Fees to members of the Board of Directors were determined at a total of SEK 1,170,000 (excluding remuneration for committee work), of which SEK 370,000,000 to be paid to the chair of the Board of Directors and SEK 200,000 to the other elected members not employed by the company.
The chair of the audit committee shall also receive SEK 80,000, the chair of the board’s project and investment committee shall receive SEK 50,000, the members of the audit committee shall receive SEK 50,000 and members of the board's project and investment committee shall receive SEK 25,000.
The auditing company Deloitte AB was appointed as auditor for a period of four years, with the certified auditor Birgitta Lööf as principal auditor. The auditor shall be paid in accordance with the agreement.
Resolution on amendment of the Articles of Association
In accordance with the proposal of the Board of Directors, the AGM resolved to amend § 7 of the Articles of Association. The new wording means that the appointment of the auditor shall apply until the end of the Annual General Meeting that is held in the fourth financial year following the appointment of the auditor. The previous wording was the appointment of the auditor would take place every third financial year after the appointment of the auditor.

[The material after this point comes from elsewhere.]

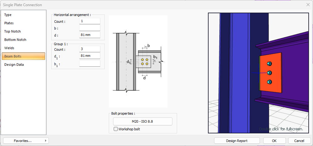 Single Plate Connection Settings Dialog

Guidelines for the appointment of the Nomination Committee
The AGM resolved to update the principles for appointing the Nomination Committee in accordance with the proposal of the Board of Directors. In accordance with the updated instructions, the Nomination Committee shall consist of representatives for the three largest shareholders with voting rights on the last banking day in August of each year. The instruction shall apply until the resolution on amending the procedure for appointing the Nomination Committee has been made by the meeting.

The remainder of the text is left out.